Le persone "senza dimora" allora rappresentano la punta di un iceberg, la parte visibile di un malessere che affonda le sue radici nelle disuguaglianze e contraddizioni delle società contemporanee, che evoca un destino che è già comune per la crescente probabilità che possa essere anche il mio, il tuo, il nostro, o dei nostri figli…
"In Italia si calcola che le persone "senza casa" siano tra le 170mila e le 250mila unità. Circa 120mila vivono in "alloggi impropri" (baracche, container, ripari di fortuna, grotte, ecc.); 60mila (immigrati) sono in forme di coabitazione forzata; quasi 100mila persone vivono in dormitori e 20-40mila sono prive di qualsiasi riparo. Secondo una recente indagine non sembra azzardata una stima di mezzo milione di persone escluse da sistemazioni abitative, in senso proprio".

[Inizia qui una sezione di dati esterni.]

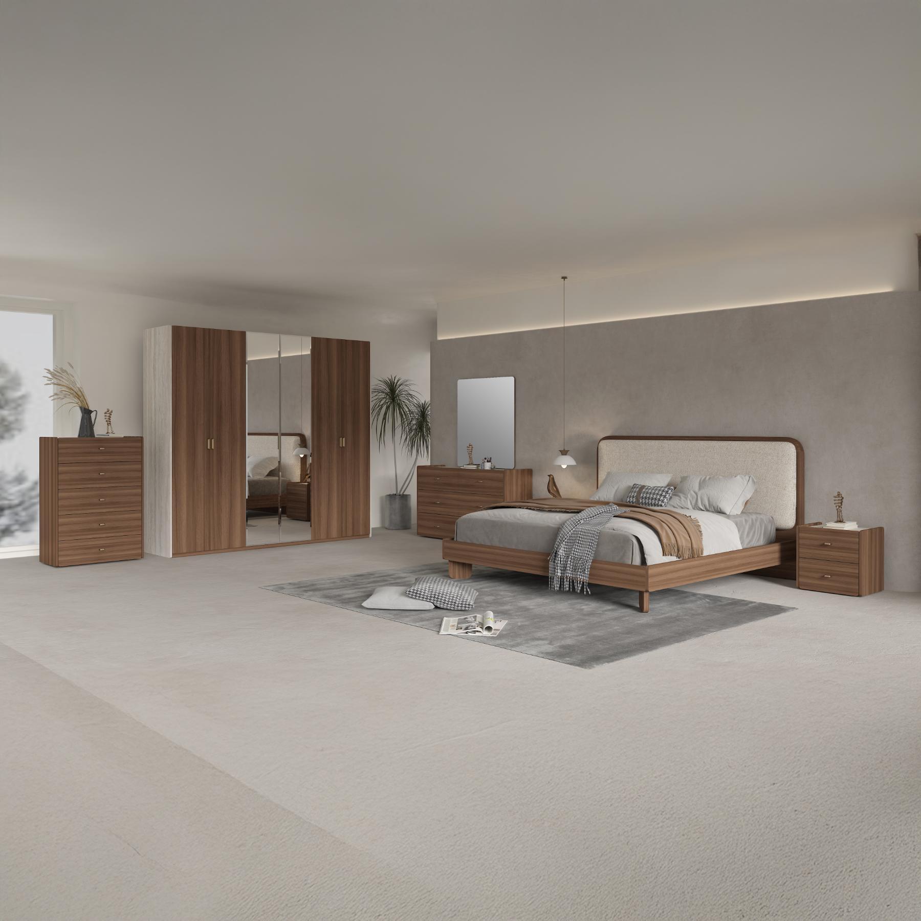| يتضمن الطقم | 1 Bed + 2 Night Stand + 1 Dresser + 1 Mirror + 1 Chest + 1 Dressing Stool |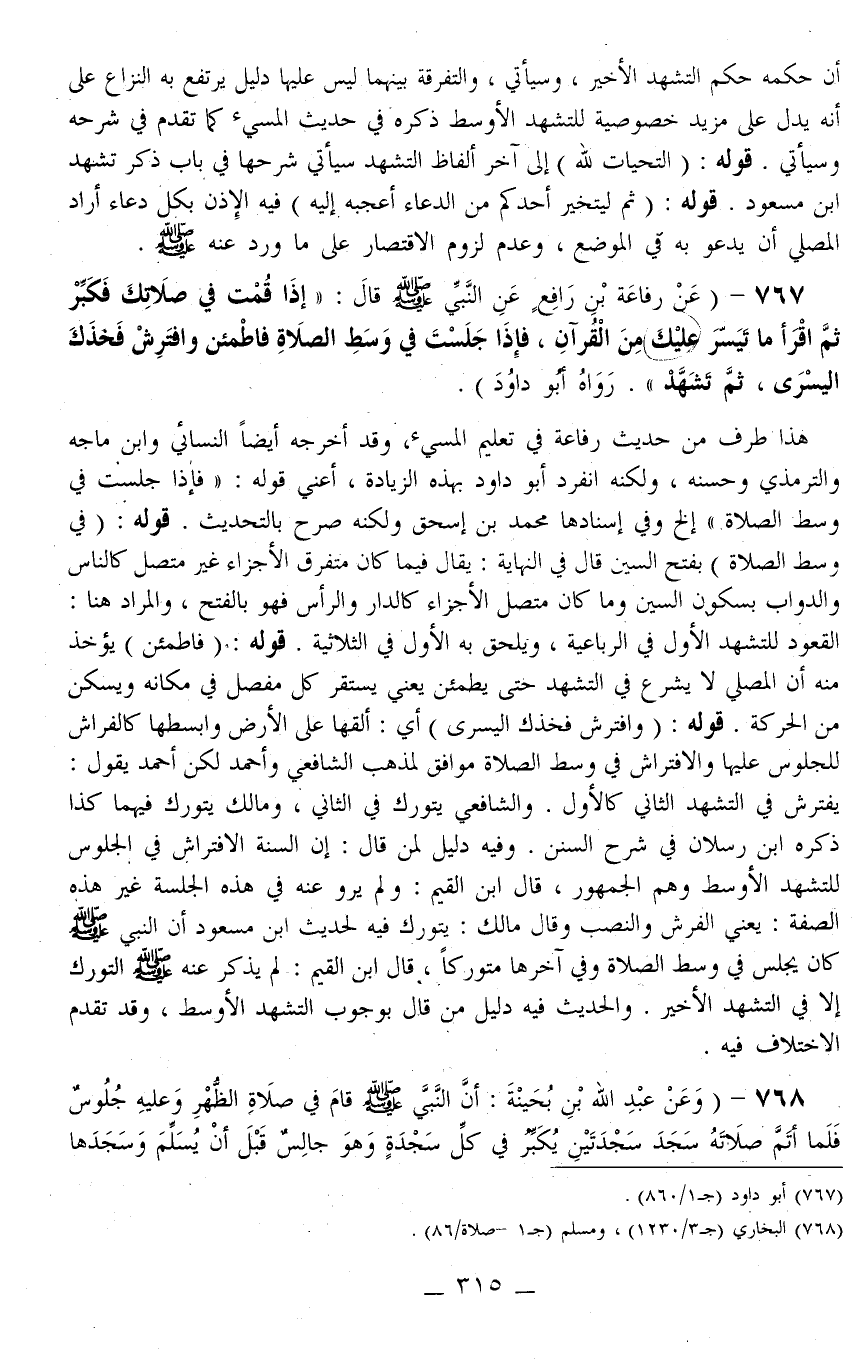 767 - (عَنْ رِفَاعَةَ بْنِ رَافِعٍ عَنْ النَّبِيِّ - صَلَّى اللَّهُ عَلَيْهِ وَسَلَّمَ - قَالَ: «إذَا قُمْتَ فِي صَلَاتك فَكَبِّرْ ثُمَّ اقْرَأْ مَا تَيَسَّرَ عَلَيْكَ مِنْ الْقُرْآنِ، فَإِذَا جَلَسْتَ فِي وَسَطِ الصَّلَاةِ فَاطْمَئِنَّ وَافْتَرِشْ فَخِذَكَ الْيُسْرَى، ثُمَّ تَشَهَّدْ» . رَوَاهُ أَبُو دَاوُد) . هَذَا طَرَفٌ مِنْ حَدِيثِ رِفَاعَةَ فِي تَعْلِيمِ الْمُسِيءِ، وَقَدْ أَخْرَجَهُ أَيْضًا النَّسَائِيّ وَابْنُ مَاجَهْ وَالتِّرْمِذِيُّ وَحَسَّنَهُ، وَلَكِنَّهُ انْفَرَدَ أَبُو دَاوُد بِهَذِهِ الزِّيَادَةِ، أَعْنِي قَوْلَهُ: " فَإِذَا جَلَسْتَ فِي وَسَطِ الصَّلَاةِ ". . . إلَخْ وَفِي إسْنَادِهَا مُحَمَّدُ بْنُ إِسْحَاقَ وَلَكِنَّهُ صَرَّحَ بِالتَّحْدِيثِ.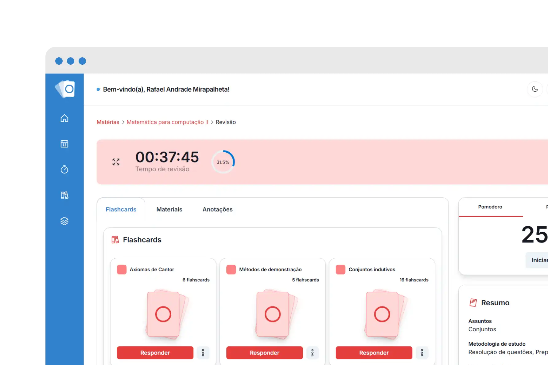 Como concurseiro, a organização era um dos meus maiores desafios. O Organizza me ajudou a planejar minhas matérias, agendar revisões e até criar simulados com os flashcards. A IA realmente facilitou muito o processo.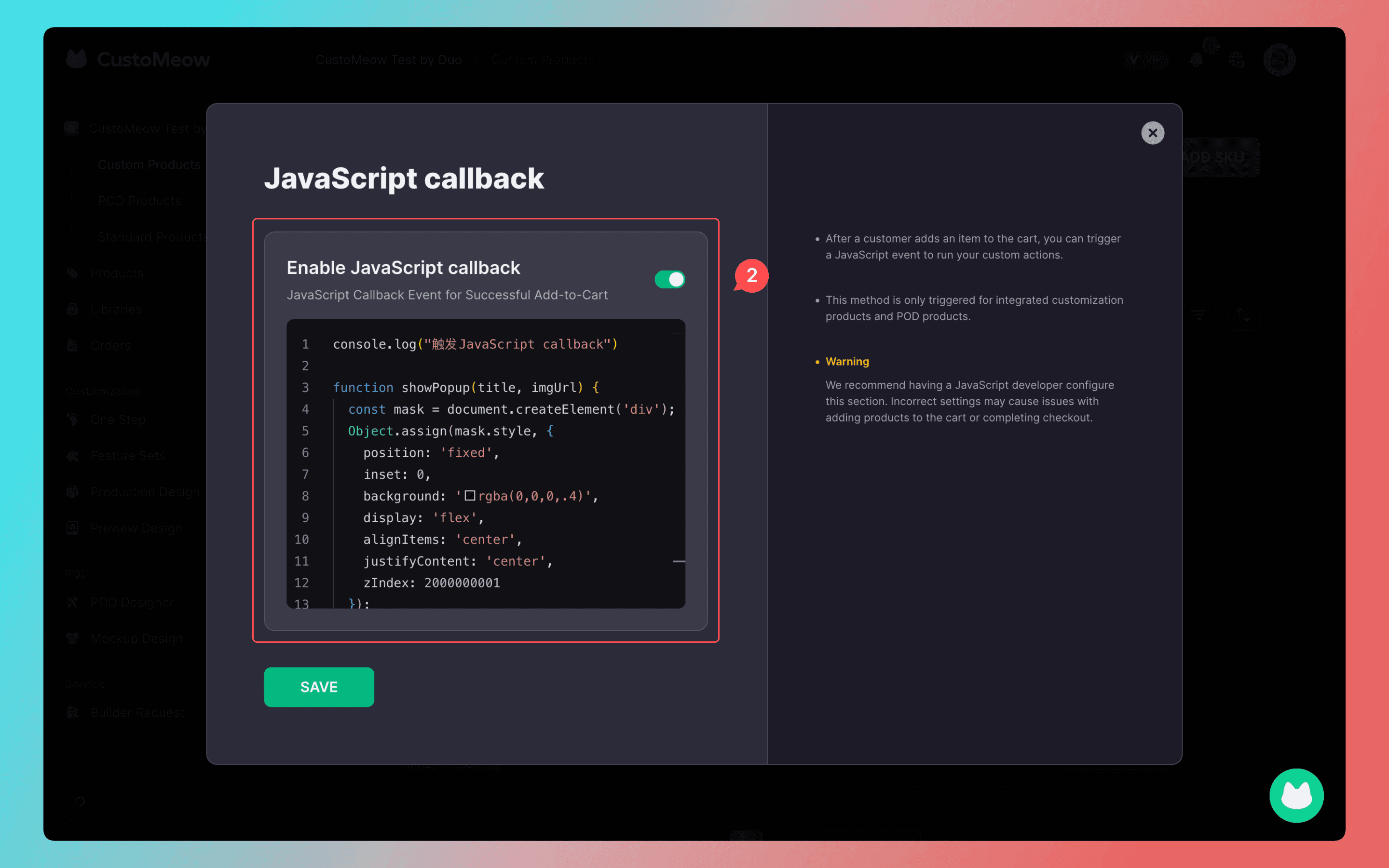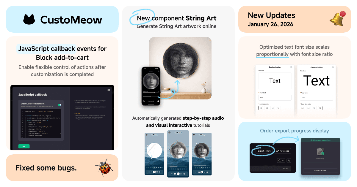 To meet the needs of merchants who want to control user actions after customization, this update adds support for custom JavaScript callback events.
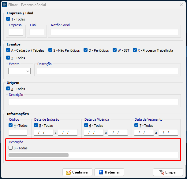 1. Filtrar os eventos transmitidos ao eSocial: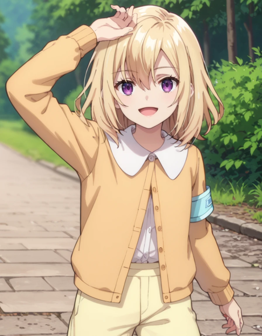 white collared shirt, orange cardigan, armband, long sleeves, yellow pants, pantyhose under shorts, pantyhose, brown footwearPrompt below is for v1.0-pre: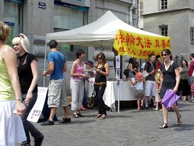 巴黎是世界旅游之都,每年来自世界各地的游客有八千二百多万人次,其中有六十多万中国游客。法轮功学员为了能让来法国的中国人听闻到法轮功的真相,他们在中国人喜欢去的景点、高档商品购物中心、团餐餐厅、中国城、美丽城、火车站等处设点讲真相。在这些地方,长期以来,每天都有法轮功学员坚持在那里派发讲述法轮功受迫害真相的资料等,为了能赶上中国游客中午到餐厅吃饭时能见到他们,多年来, 坚持在那里的法轮功学员都没吃过正式午饭,他们在中国人出入的地方摆放了展板,向经过的中国人揭露中共迫害法轮功的真相,并劝他们退出中共的相关组织,向他们派发诸如《·九·评*共产党》等资料。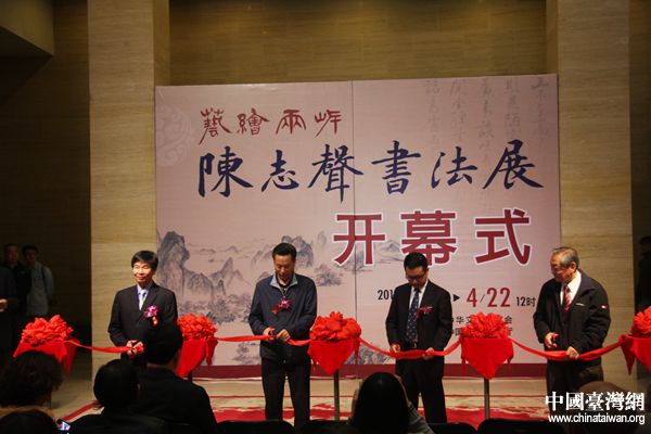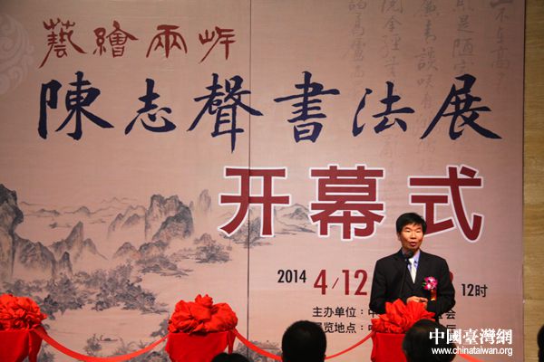 中國臺灣網4月13日北京消息 4月13日下午,以“藝繪兩岸”為主題的“石溪畊硯,翛墨京華——陳志聲書法作品展”開幕式在中國美術館成功舉行。文化部港澳臺辦主任助理、中華文化聯誼會副秘書長李保宗、文化部港澳臺辦臺灣處處長廖冰、中國美術館黨委書記游慶橋、臺灣中國書法家協會理事長陳炫明、臺灣著名書法家陳志聲及其夫人等兩岸書法愛好者共同出席了開幕儀式。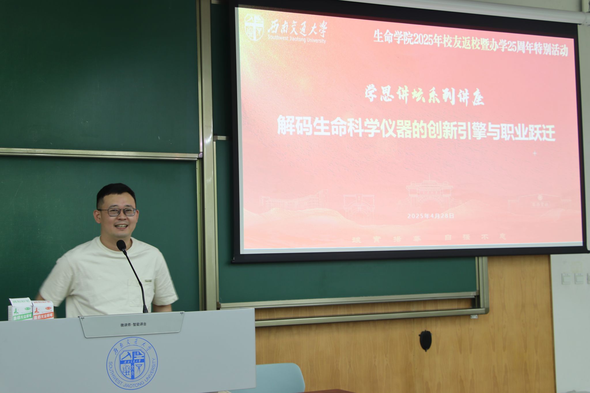 为凝聚校友情谊、共谋未来发展,根据学校2025年校友秩年返校活动安排和英国bat365官网登录入口办学25周年特别活动安排,4月28日下午,《解码生命科学仪器的创新引擎与职业跃迁》主题分享于犀浦校区X4158举行。成都雄毅科技有限公司董事长何健雄、总经理宋利平、副总经理贾文武、行政经理叶玉凤、英国bat365官网登录入口党委副书记高鹏、学院副院长王毅及100余名学生参加活动。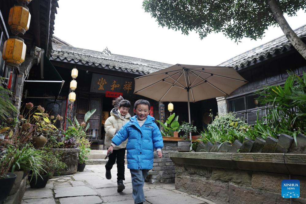 Kids play in a family inn in Zhaohua ancient town in Zhaohua District of Guangyuan City, southwest China’s Sichuan Province, Dec. 13, 2025. Zhaohua ancient town, located in Guangyuan City of southwest China’s Sichuan Province, sits at the confluence of the Bailong River, the Jialing River, and the Qingjiang River. As a well-preserved ancient town, it carries a history of over 2,300 years.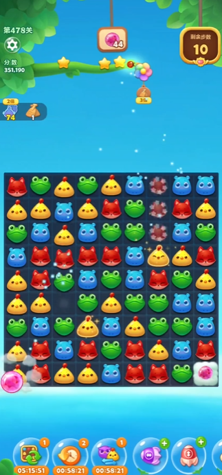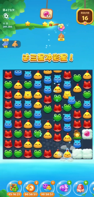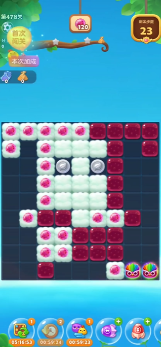 478关的核心任务是在22步之内解救被冰块困住的6只企鹅,这些企鹅分布在关卡四个角落各1只以及中间区域2只。关卡布局的最大难点在于冰块均为多层结构,且集中在四个边角位置,形成天然障碍阻碍消除操作。成功的关键在于高效利用有限的步数破除冰块并触发企鹅解救机制,过程中没有任何移动木桩、毒液等额外障碍干扰,玩家可专注于冰块消除策略。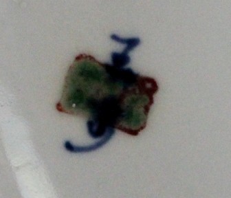 modelled with a shallow body , and decorated with a single figure of a bird, leaf in mouth, resting on a slender tree branch , seal mark to base , d 25.5cm -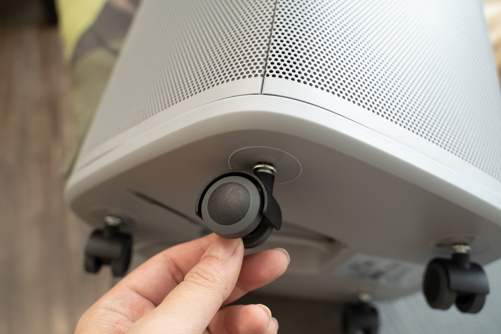 兩個鮮少被用在家電上的材質營造出的優雅感無與倫比,放在家裡都覺得氣氛尊爵不凡了起來,此外下方的網狀金屬跟萬向靜音輪更是值得推崇,這讓 PURE A9 可以自由自在地在家裡移動,輕輕鬆鬆清淨全屋,讓人活在美之中不說,更是活在安全清淨、不必擔憂汙染的空氣裡,更自在更方便。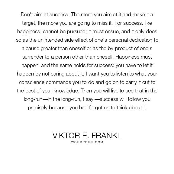 Don't aim at success. The more you aim at it and make it a target, the more you are going to miss it. For success, like happiness, cannot be pursued; it must ensue, and it only does so as the unintended side effect of one's personal dedication to a cause greater than oneself or as the by-product of one's surrender to a person other than oneself. Happiness must happen, and the same holds for success: you have to let it happen by not caring about it. I want you to listen to what your conscience commands you to do and go on to carry it out to the best of your knowledge. Then you will live to see that in the long-run—in the long-run, I say!—success will follow you precisely because you had forgotten to think about it

Noi lavoratori del Servizio Sanitario Nazionale, del Privato Sociale, noi impegnati nel Volontariato, noi amministratori locali, e pubblici funzionari, noi cittadini, piuttosto che rinchiuderci nei nostri saperi parziali e "separati", forse è bene che nelle nostre pratiche quotidiane ci interroghiamo sul senso dei nostri interventi, raccogliendo l’invito di Castel a chiederci: "Indigenti, infermi, mendicanti, vagabondi, vecchi e malati privi di risorse, bambini senza genitori, madri e vedove senza protezione, contadini senza terra, operai senza lavoro, (….) marginali di tutti i tipi (…). Bisogna oggi prolungare la litania, aggiungervi ad esempio i "nuovi poveri", le "famiglie monoparentali", i disoccupati di lungo periodo o i giovani in cerca di prima occupazione? (…) Non è meglio piuttosto ricomporre il paesaggio della questione sociale per definire una problematica nuova in corrispondenza dell’attuale congiuntura?"